• _Task objective_
With the pictures omitted, transcribe each line below exactly as it is.

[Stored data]

-=-=-

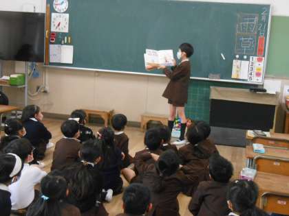 読書に対する興味関心を高めるための取り組みとして、5.6年生の図書委員会の児童が、1年生から4年生の教室に出向き、「絵本の読み聞かせ」を行いました。
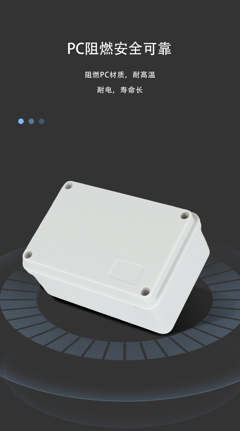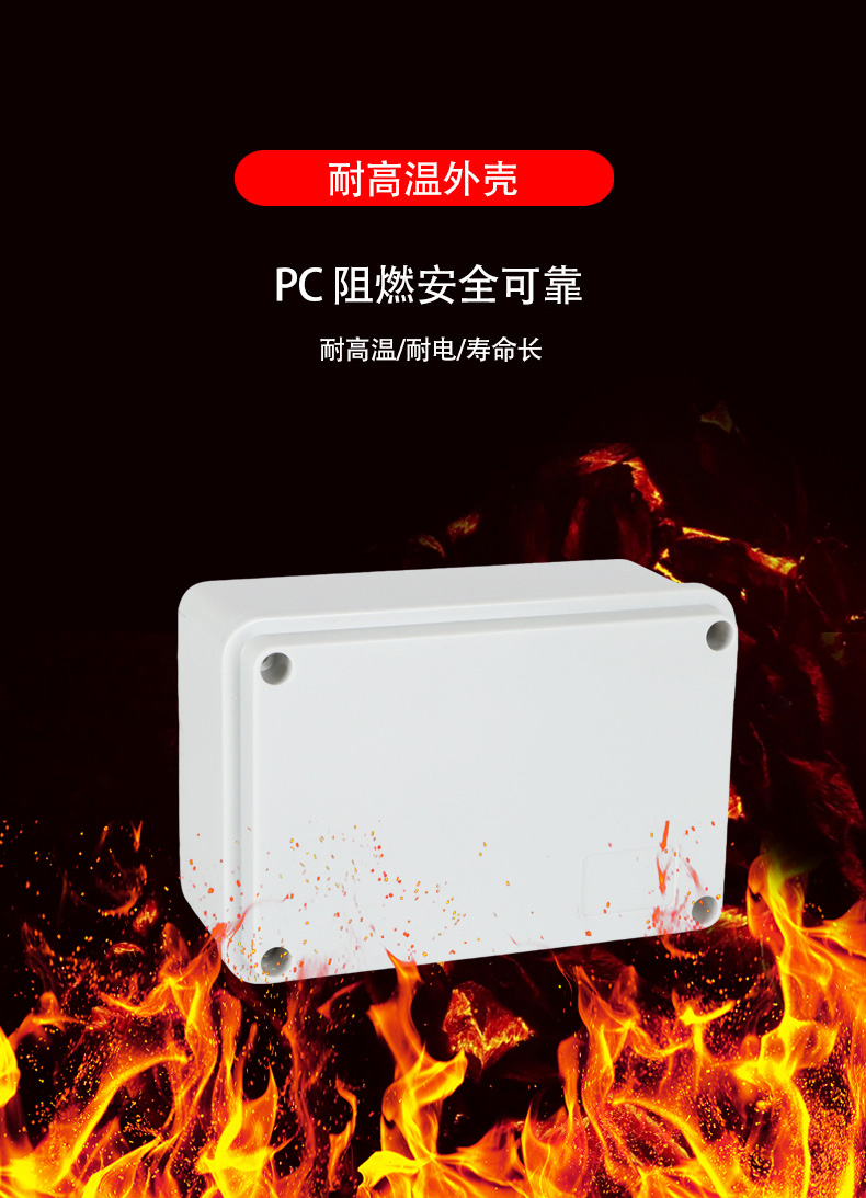 多重密封/安全防水 防水IP等級 (IP44)可供選材料(常ABS)ABS阻燃、PC,合金材PC阻燃安全可靠/耐高溫/耐電/壽命長每一個部分都是精心挑選的,只是為了打造一個好的產(chǎn)品
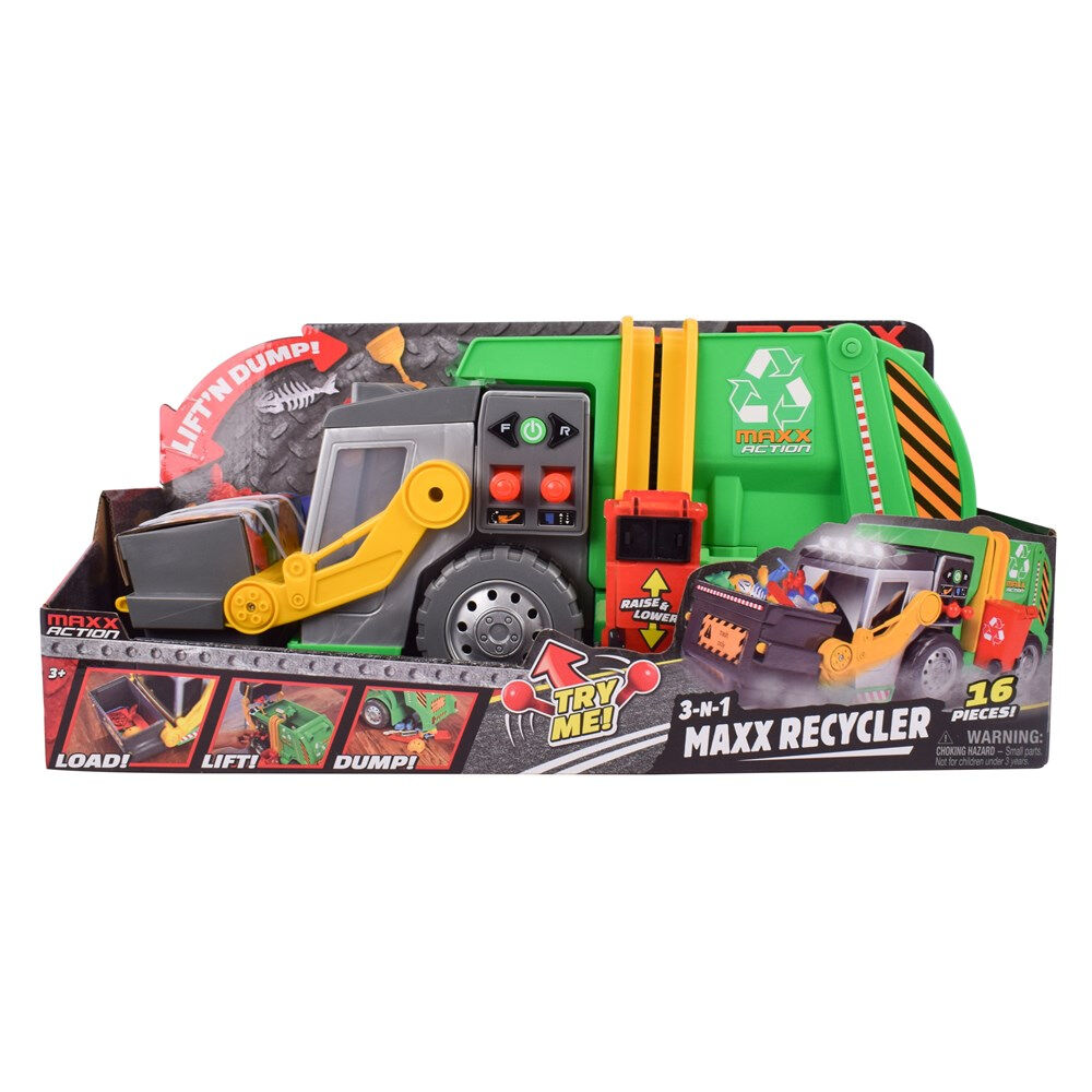 The MAXX Action Motorised 3-in-1 Recycle Truck is a feature-packed, large-scale toy designed to replicate real-life recycling truck action. Children use dual joystick controllers to lift, dump and drive the truck; it includes flashing lights, realistic engine sounds, motorised forward/reverse drive and comes with a number of fun accessory trash items. Suitable for kids aged 3 years and up.
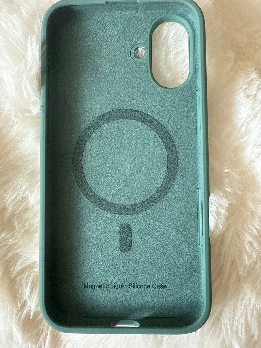 This magnetic liquid silicone case has a cute embossed dinosaur design on the outside. It's made of soft silicone and has a textured interior. The case supports MagSafe charging.
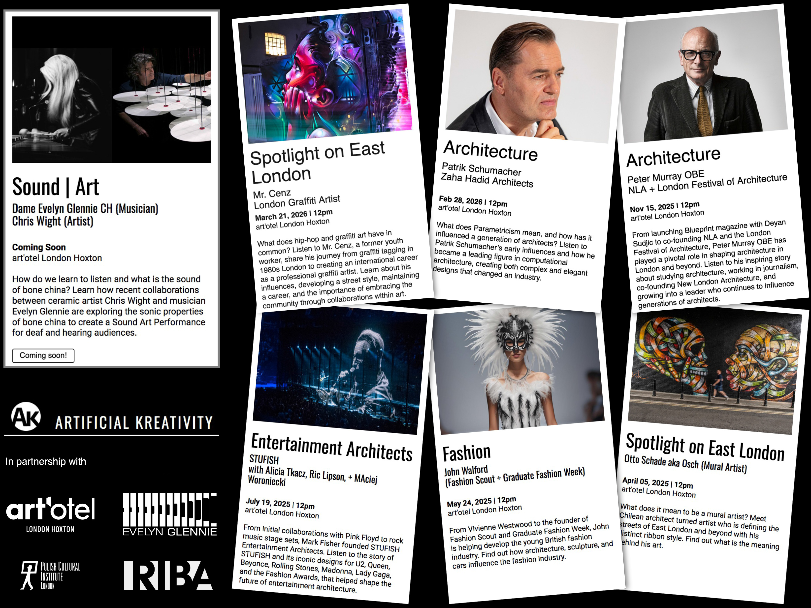 “Listen to the stories behind the creatives and how they are shaping the world. We take a closer look at each speaker’s career journey, exploring the choices they made and the experiences that defined them. This is an opportunity for students and early-year creative practitioners to learn about various professions, including art, architecture, music, and fashion, and how each approaches creativity differently. We are here to help break down the barriers in the creative industries and inspire the next generation of change.” Artificial Kreativity.

-=-=-

• _Expected answer_
 読書に対する興味関心を高めるための取り組みとして、5.6年生の図書委員会の児童が、1年生から4年生の教室に出向き、「絵本の読み聞かせ」を行いました。
 多重密封/安全防水 防水IP等級 (IP44)可供選材料(常ABS)ABS阻燃、PC,合金材PC阻燃安全可靠/耐高溫/耐電/壽命長每一個部分都是精心挑選的,只是為了打造一個好的產(chǎn)品
 The MAXX Action Motorised 3-in-1 Recycle Truck is a feature-packed, large-scale toy designed to replicate real-life recycling truck action. Children use dual joystick controllers to lift, dump and drive the truck; it includes flashing lights, realistic engine sounds, motorised forward/reverse drive and comes with a number of fun accessory trash items. Suitable for kids aged 3 years and up.
 This magnetic liquid silicone case has a cute embossed dinosaur design on the outside. It's made of soft silicone and has a textured interior. The case supports MagSafe charging.
 “Listen to the stories behind the creatives and how they are shaping the world. We take a closer look at each speaker’s career journey, exploring the choices they made and the experiences that defined them. This is an opportunity for students and early-year creative practitioners to learn about various professions, including art, architecture, music, and fashion, and how each approaches creativity differently. We are here to help break down the barriers in the creative industries and inspire the next generation of change.” Artificial Kreativity.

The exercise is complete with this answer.